------ Supplied material ------

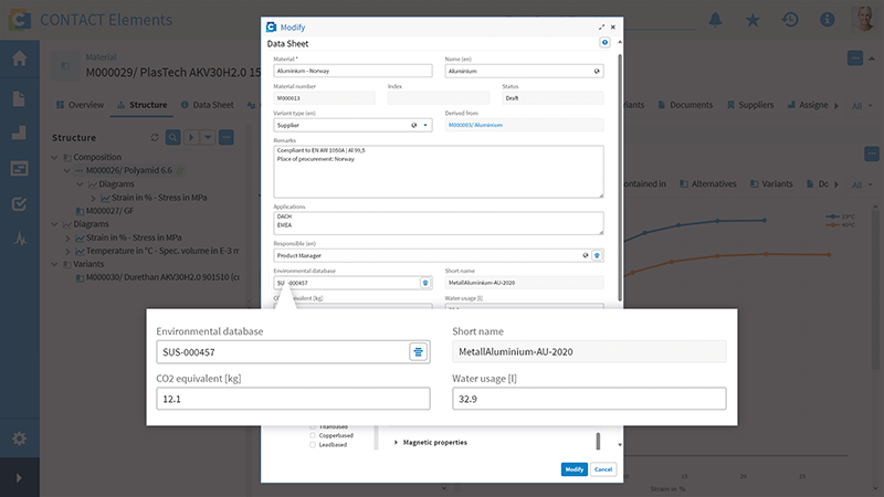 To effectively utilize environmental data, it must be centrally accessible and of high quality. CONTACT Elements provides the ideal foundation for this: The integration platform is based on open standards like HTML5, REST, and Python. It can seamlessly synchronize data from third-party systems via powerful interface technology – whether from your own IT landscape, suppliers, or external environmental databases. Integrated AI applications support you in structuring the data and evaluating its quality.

------
------ Supplied material ------

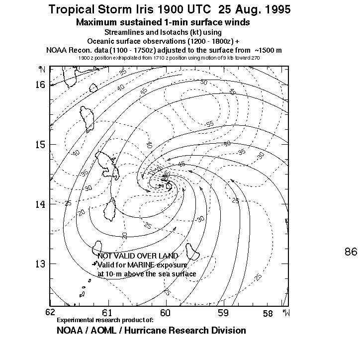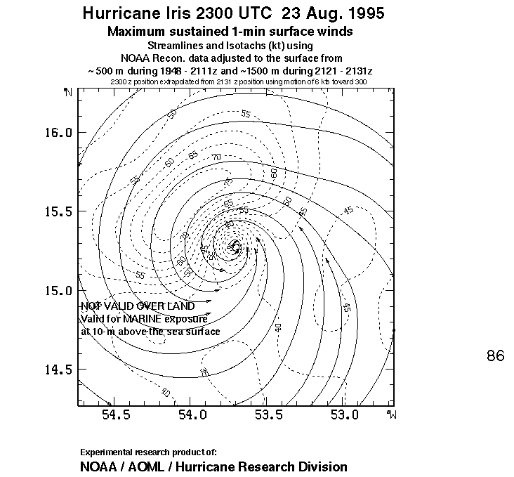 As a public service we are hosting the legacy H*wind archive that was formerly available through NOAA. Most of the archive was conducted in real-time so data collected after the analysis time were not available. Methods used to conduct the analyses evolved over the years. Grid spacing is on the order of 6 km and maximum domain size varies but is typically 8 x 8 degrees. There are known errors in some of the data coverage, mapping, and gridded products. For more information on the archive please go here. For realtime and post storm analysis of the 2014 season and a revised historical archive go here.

------
------ Supplied material ------

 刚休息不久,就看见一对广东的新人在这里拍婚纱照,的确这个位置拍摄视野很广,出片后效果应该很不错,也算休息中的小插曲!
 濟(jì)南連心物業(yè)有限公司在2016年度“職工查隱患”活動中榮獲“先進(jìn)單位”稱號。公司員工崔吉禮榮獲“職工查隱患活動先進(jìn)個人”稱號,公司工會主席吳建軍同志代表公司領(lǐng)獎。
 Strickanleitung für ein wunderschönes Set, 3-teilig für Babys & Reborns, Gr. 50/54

------

Task to carry out » Take the stretch of lines above from the one containing "濟(jì)南連心物業(yè)" through the one containing "Strickanleitung für ein" and repeat it exactly, adding no other line.

Task response »
 濟(jì)南連心物業(yè)有限公司在2016年度“職工查隱患”活動中榮獲“先進(jìn)單位”稱號。公司員工崔吉禮榮獲“職工查隱患活動先進(jìn)個人”稱號,公司工會主席吳建軍同志代表公司領(lǐng)獎。
 Strickanleitung für ein wunderschönes Set, 3-teilig für Babys & Reborns, Gr. 50/54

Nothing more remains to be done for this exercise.